The operating status of an enterprise is disclosed periodically in a financial statement. As a result, investors
usually only get information about the financial distress a company may be in after the formal financial
statement has been published. If company executives intentionally package financial statements with
the purpose of hiding the actual status of the company, then investors will have even less chance of
obtaining the real financial information. For example, a company can manipulate its current ratio by
up to 200% so that its liquidity deficiency will not show up as a financial distress in the short run. To
improve the accuracy of the financial distress prediction model, this paper adopted the operating rules
of the Taiwan stock exchange corporation (TSEC) which were violated by those companies that were subsequently
stopped and suspended, as the range of the analysis of this research. In addition, this paper also
used financial ratios, other non-financial ratios, and factor analysis to extract adaptable variables. Moreover,
the artificial neural network (ANN) and data mining (DM) techniques were used to construct the
financial distress prediction model. The empirical experiment with a total of 37 ratios and 68 listed companies
as the initial samples obtained a satisfactory result, which testifies for the feasibility and validity
of our proposed methods for the financial distress prediction of listed companies.
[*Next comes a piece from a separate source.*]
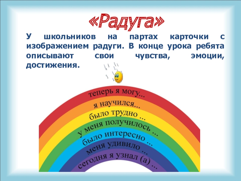У школьников на партах карточки с изображением радуги. В конце
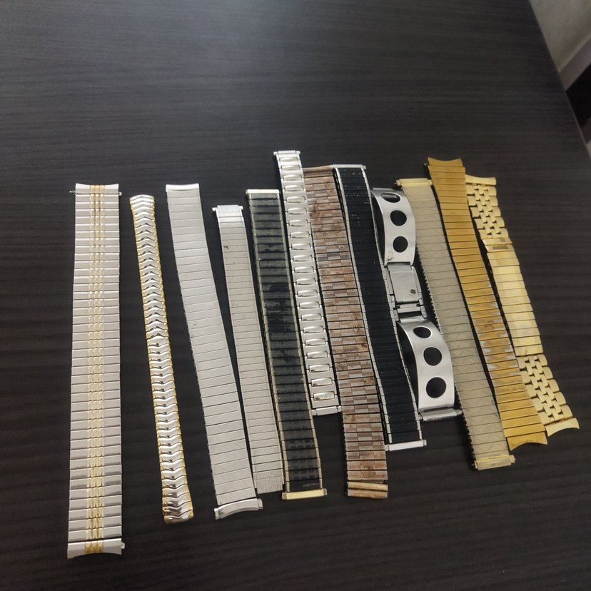 Altın ve koyu tonlarda çeşitli metal bağlantı tasarımlarına sahip erkek vintage saat kordonları koleksiyonu farklı ölçülerde saat kordonları ⌚

This paper makes four critical contributions: (1) The more factor analysis we used, the less accuracy we
obtained by the ANN and DM approach. (2) The closer we get to the actual occurrence of financial distress,
the higher the accuracy we obtain, with an 82.14% correct percentage for two seasons prior to
the occurrence of financial distress. (3) Our empirical results show that factor analysis increases the error
of classifying companies that are in a financial crisis as normal companies. (4) By developing a financial
distress prediction model, the ANN approach obtains better prediction accuracy than the DM clustering
approach. Therefore, this paper proposes that the artificial intelligent (AI) approach could be a more suitable
methodology than traditional statistics for predicting the potential financial distress of a company.